__ASSIGNED TASK__: Your job is to give again, exactly and with no additions, the lines in the records below from the one with "低风阻轮圈在纯电车型中很常见" through the one with "The FXY series", both included. Omit the pictures.
DATA EXTRACT Start Marker
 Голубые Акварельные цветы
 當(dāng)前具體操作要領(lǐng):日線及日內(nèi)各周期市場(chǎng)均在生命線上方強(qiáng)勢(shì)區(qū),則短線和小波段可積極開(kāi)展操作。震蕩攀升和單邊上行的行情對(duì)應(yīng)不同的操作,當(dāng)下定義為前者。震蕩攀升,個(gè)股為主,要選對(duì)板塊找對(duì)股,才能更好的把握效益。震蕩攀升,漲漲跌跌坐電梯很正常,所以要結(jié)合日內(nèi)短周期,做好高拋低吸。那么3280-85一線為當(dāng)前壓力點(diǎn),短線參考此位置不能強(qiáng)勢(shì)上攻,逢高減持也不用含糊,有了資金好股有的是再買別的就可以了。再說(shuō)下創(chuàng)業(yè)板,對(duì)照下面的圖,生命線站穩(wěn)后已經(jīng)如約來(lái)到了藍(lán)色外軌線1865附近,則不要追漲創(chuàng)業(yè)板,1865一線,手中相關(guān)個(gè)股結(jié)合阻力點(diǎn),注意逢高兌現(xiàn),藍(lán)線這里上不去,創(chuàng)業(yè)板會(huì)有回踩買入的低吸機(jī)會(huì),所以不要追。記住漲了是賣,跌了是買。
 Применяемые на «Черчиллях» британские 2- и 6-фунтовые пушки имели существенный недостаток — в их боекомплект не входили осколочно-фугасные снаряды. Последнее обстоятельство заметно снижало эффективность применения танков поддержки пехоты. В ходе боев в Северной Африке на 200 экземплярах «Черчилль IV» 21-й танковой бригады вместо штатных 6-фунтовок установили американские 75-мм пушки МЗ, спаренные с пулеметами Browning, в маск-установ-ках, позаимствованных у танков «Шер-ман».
DATA EXTRACT End Marker
DATA EXTRACT Start Marker
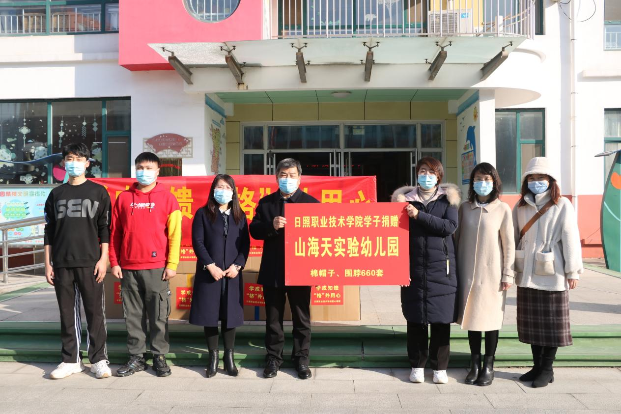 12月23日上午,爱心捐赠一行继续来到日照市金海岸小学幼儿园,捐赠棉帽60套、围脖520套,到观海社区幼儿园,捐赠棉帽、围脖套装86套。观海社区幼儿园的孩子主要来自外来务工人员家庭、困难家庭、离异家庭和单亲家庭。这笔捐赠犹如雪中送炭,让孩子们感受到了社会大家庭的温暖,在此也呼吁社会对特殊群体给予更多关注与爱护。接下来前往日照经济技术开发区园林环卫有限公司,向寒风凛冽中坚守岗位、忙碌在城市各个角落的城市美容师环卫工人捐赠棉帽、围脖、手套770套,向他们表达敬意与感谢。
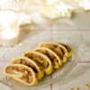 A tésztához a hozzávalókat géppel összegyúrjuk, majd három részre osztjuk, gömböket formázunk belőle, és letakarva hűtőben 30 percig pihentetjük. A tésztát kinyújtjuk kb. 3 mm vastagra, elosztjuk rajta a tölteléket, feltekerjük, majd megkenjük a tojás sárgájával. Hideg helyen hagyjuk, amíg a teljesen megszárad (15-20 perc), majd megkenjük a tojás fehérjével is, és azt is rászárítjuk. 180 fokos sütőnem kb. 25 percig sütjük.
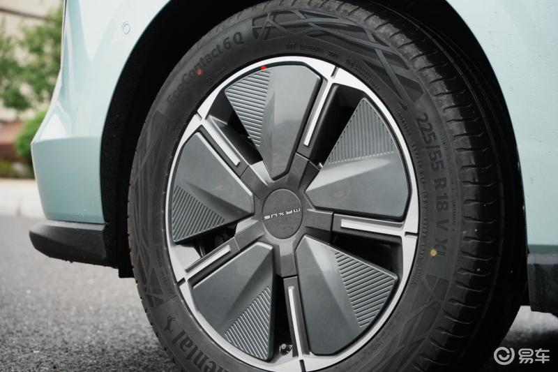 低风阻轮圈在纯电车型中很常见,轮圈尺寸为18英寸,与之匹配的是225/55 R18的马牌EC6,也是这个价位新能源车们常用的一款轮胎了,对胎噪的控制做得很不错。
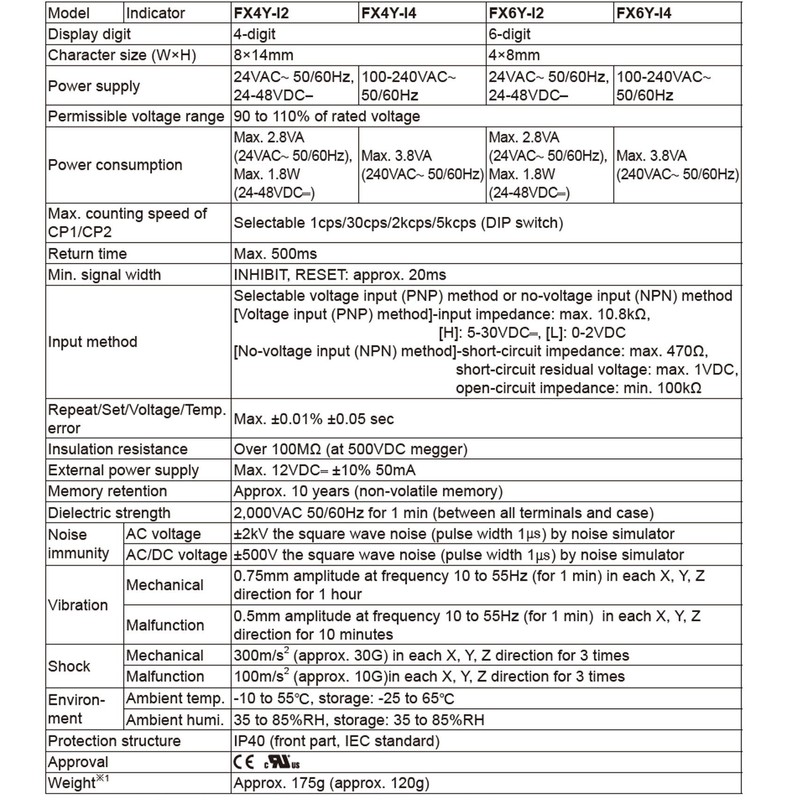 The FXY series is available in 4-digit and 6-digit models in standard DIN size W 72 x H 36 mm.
DATA EXTRACT End Marker
__WRITTEN REPLY__:
 低风阻轮圈在纯电车型中很常见,轮圈尺寸为18英寸,与之匹配的是225/55 R18的马牌EC6,也是这个价位新能源车们常用的一款轮胎了,对胎噪的控制做得很不错。
 The FXY series is available in 4-digit and 6-digit models in standard DIN size W 72 x H 36 mm.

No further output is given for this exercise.